- **INPUT FOR THIS TASK**:

++++++++++

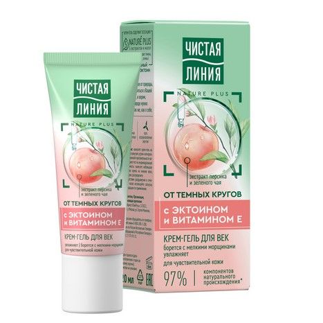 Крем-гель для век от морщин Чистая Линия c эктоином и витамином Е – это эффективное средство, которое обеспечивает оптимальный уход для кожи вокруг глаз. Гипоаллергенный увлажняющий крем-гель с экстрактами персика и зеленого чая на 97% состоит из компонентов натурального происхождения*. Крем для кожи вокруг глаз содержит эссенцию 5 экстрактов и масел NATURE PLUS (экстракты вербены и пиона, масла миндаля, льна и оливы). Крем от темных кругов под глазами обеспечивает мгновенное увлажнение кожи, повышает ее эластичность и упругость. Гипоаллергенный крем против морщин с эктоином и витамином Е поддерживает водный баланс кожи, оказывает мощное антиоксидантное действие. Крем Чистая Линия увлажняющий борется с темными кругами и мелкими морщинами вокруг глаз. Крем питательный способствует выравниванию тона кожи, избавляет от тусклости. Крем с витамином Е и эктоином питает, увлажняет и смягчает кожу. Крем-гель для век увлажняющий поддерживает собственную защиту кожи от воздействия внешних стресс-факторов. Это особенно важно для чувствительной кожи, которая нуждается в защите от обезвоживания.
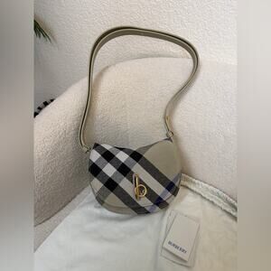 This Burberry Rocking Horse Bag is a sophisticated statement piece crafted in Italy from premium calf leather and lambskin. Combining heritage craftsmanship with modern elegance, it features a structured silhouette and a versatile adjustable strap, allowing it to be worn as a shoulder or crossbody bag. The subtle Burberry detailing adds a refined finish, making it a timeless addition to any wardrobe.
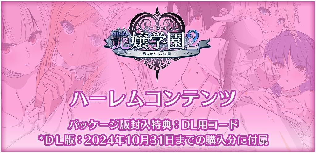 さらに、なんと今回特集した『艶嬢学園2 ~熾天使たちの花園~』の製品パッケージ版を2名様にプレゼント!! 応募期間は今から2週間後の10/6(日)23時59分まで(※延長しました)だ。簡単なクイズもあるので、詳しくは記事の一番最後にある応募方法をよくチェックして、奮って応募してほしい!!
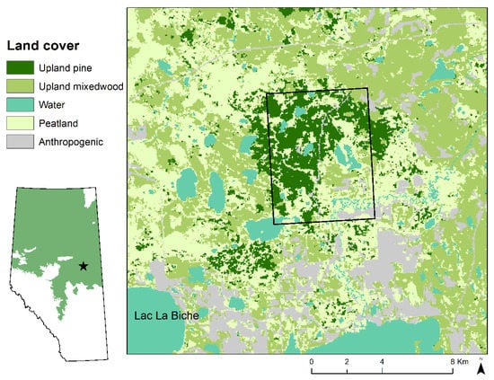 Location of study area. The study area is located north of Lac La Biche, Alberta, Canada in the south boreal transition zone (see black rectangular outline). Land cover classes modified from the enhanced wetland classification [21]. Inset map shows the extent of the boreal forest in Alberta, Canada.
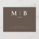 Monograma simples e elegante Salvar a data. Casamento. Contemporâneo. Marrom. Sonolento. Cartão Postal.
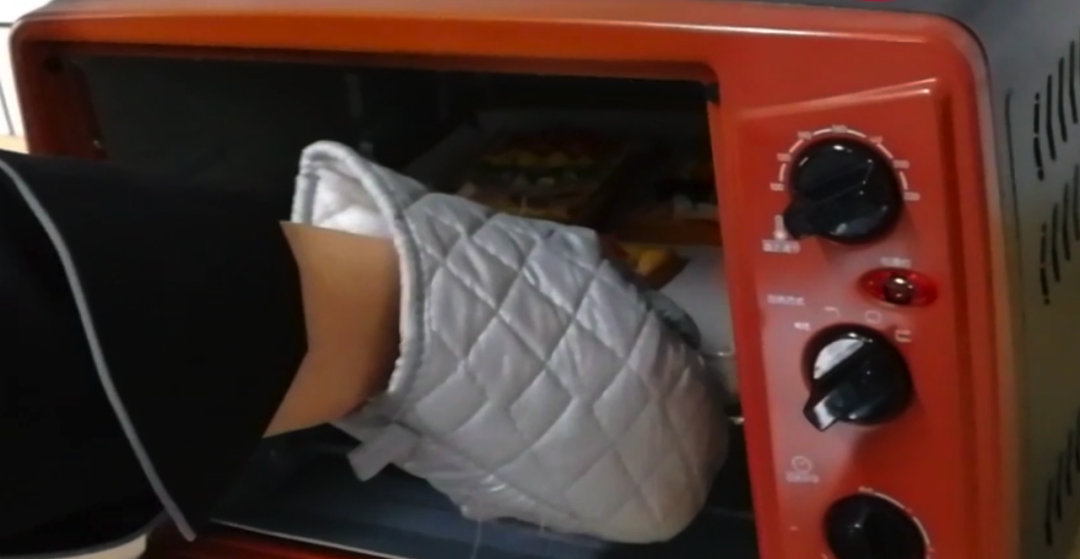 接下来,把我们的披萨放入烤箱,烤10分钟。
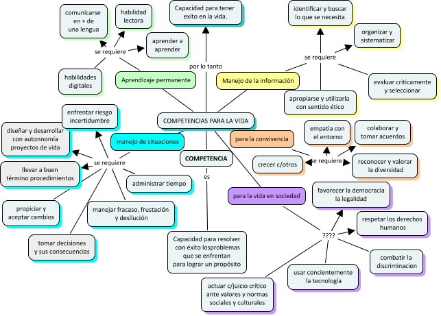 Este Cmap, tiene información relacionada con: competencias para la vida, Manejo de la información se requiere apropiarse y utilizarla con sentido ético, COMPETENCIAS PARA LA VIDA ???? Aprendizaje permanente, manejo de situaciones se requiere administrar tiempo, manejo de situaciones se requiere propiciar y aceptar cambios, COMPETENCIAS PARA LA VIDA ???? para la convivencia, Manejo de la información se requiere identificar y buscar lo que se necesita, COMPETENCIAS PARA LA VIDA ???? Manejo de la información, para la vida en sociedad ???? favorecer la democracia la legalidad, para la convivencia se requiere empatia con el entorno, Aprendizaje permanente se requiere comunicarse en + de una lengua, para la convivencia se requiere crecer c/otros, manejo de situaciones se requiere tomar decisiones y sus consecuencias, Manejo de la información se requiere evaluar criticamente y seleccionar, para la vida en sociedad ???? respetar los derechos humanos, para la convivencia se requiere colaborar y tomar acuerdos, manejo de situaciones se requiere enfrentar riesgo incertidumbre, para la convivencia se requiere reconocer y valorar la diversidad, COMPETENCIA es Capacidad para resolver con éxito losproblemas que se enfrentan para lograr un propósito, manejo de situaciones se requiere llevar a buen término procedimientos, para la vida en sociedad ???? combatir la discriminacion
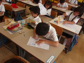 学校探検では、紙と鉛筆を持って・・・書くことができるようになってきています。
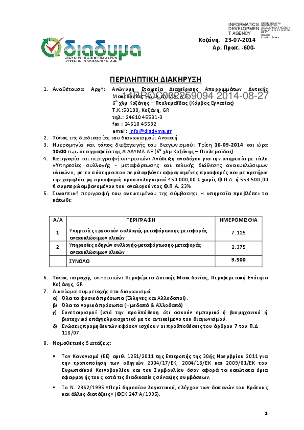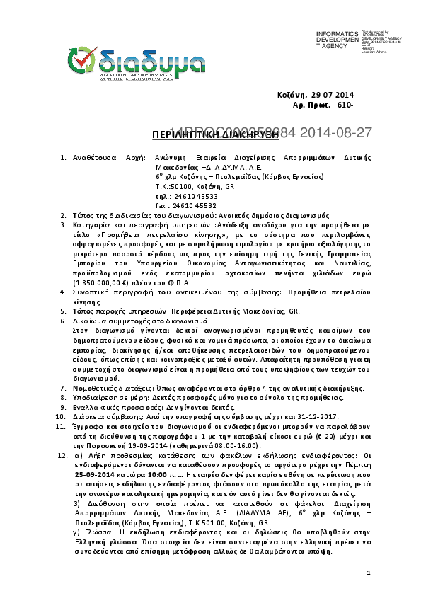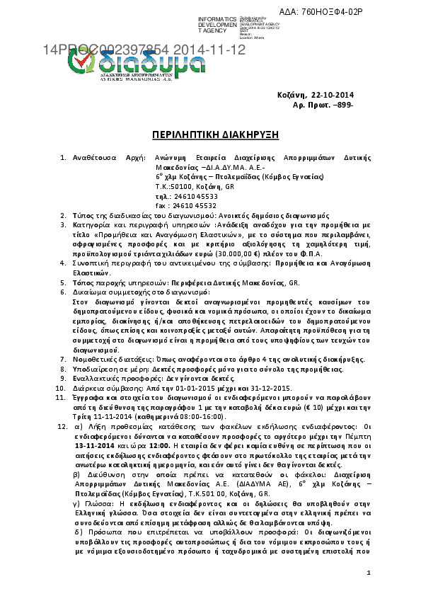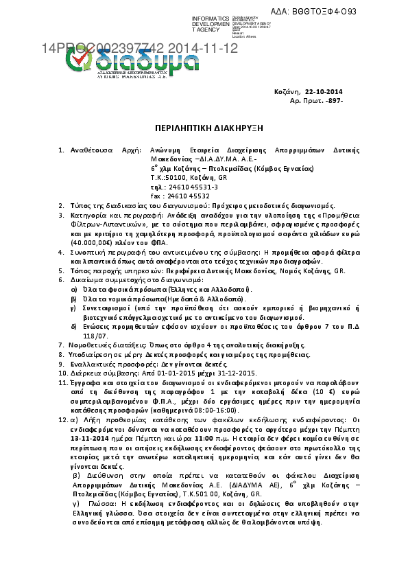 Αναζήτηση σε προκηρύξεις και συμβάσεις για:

++++++++++

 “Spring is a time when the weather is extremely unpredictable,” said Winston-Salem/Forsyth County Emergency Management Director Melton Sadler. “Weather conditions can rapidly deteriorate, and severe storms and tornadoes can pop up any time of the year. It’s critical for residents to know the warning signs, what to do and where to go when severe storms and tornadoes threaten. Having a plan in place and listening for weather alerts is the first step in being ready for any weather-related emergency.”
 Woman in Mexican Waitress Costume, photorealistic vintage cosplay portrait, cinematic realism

++++++++++

- **ASSIGNMENT**:
Exactly the lines above, from the one containing "接下来,把我们的披萨放入烤箱,烤10分钟。" down to the one containing "Αναζήτηση σε προκηρύξεις", are to be repeated, including both ends. Pictures are not part of the copy.

- **COMPLETED TASK**:
 接下来,把我们的披萨放入烤箱,烤10分钟。
 Este Cmap, tiene información relacionada con: competencias para la vida, Manejo de la información se requiere apropiarse y utilizarla con sentido ético, COMPETENCIAS PARA LA VIDA ???? Aprendizaje permanente, manejo de situaciones se requiere administrar tiempo, manejo de situaciones se requiere propiciar y aceptar cambios, COMPETENCIAS PARA LA VIDA ???? para la convivencia, Manejo de la información se requiere identificar y buscar lo que se necesita, COMPETENCIAS PARA LA VIDA ???? Manejo de la información, para la vida en sociedad ???? favorecer la democracia la legalidad, para la convivencia se requiere empatia con el entorno, Aprendizaje permanente se requiere comunicarse en + de una lengua, para la convivencia se requiere crecer c/otros, manejo de situaciones se requiere tomar decisiones y sus consecuencias, Manejo de la información se requiere evaluar criticamente y seleccionar, para la vida en sociedad ???? respetar los derechos humanos, para la convivencia se requiere colaborar y tomar acuerdos, manejo de situaciones se requiere enfrentar riesgo incertidumbre, para la convivencia se requiere reconocer y valorar la diversidad, COMPETENCIA es Capacidad para resolver con éxito losproblemas que se enfrentan para lograr un propósito, manejo de situaciones se requiere llevar a buen término procedimientos, para la vida en sociedad ???? combatir la discriminacion
 学校探検では、紙と鉛筆を持って・・・書くことができるようになってきています。
 Αναζήτηση σε προκηρύξεις και συμβάσεις για:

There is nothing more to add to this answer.